We are in an extraordinarily lucky position given our geography. We ought to understand how important that is and what an advantage it is for us as we go forward in the 21st century.
PROCEEDINGS: You have had some wonderful titles and influence in your career, including Supreme Allied Commander. If you could direct one great outcome, with regard to sea power, what would it be?
Stavridis: I would hope that the United States will ensure it has a fleet of sufficient size and, more important, skilled mariners to crew it such that we would always know that we could control the ocean around us. We have to be able to project power. At the end of the day, it is sea control that is crucial for our nation. We have to be able to do both. To do that, we need a fleet of sufficient size, which we are lacking today. If I could wave a magic wand, I would increase the size of our Navy and ensure that we could crew it effectively with the men and women who would ensure that we could continue to enforce control of the seas around the world.
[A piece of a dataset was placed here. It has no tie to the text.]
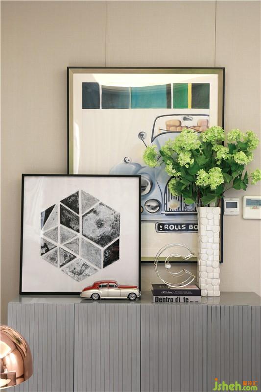 ▼房間內隨處可見的古董車模型以及老爺車掛畫,豐富空間層次且趣味十足,體現(xiàn)出別樣的復古藝術感。樣板房設計

PROCEEDINGS: You finish your book with an analysis of the U.S. Navy’s current strategy, now more than two years old, that you seem to generally endorse. At the same time, you discuss hybrid threats, such as transnational crime, piracy, overfishing, destruction of the environment, migration, and human trafficking. How should the strategy be modified to address these threats?
Stavridis: We should recognize that part of sea control is ensuring that oceans do not become the “world’s largest crime scene” and understand that an enormous amount of damage is done to the global economy through these kinds of hybrid offenses directed against the environment and directed against the merchant fleets of the world.
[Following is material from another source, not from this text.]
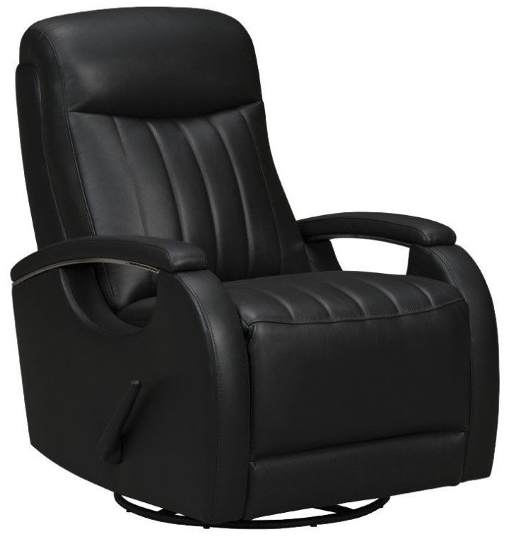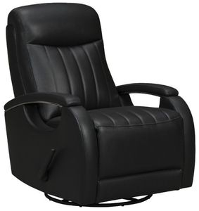 Modern open track arm design, 360-degree swivel glider recliner with handle activated recline. 4” channels on the seat & back, pad over chaise seating with pocketed coil springs, and plushily padded headrest and footrest for outstanding reclining comfort. Chrome accents under the arm pads and single needle top stitching thru out.Read More

We have to recognize that the oceans are an enormous resource to mankind. If we strictly focus on a military-to-military confrontation in the oceans, we miss the importance of all these additional challenges we face. I think this is also a point to be made about the U.S. Coast Guard. Collectively the U.S. Navy, U.S. Coast Guard, the U.S. Marine Corps, and of course our Merchant Marines are all part of ensuring that we face not only the obvious state-on-state challenges but that we also are prepared to deal with the other topics that you mentioned.
PROCEEDINGS: You brought up earlier that the South China Sea and the Arctic may be regions of superpower confrontations. How can the U.S. Navy act to deter such confrontations?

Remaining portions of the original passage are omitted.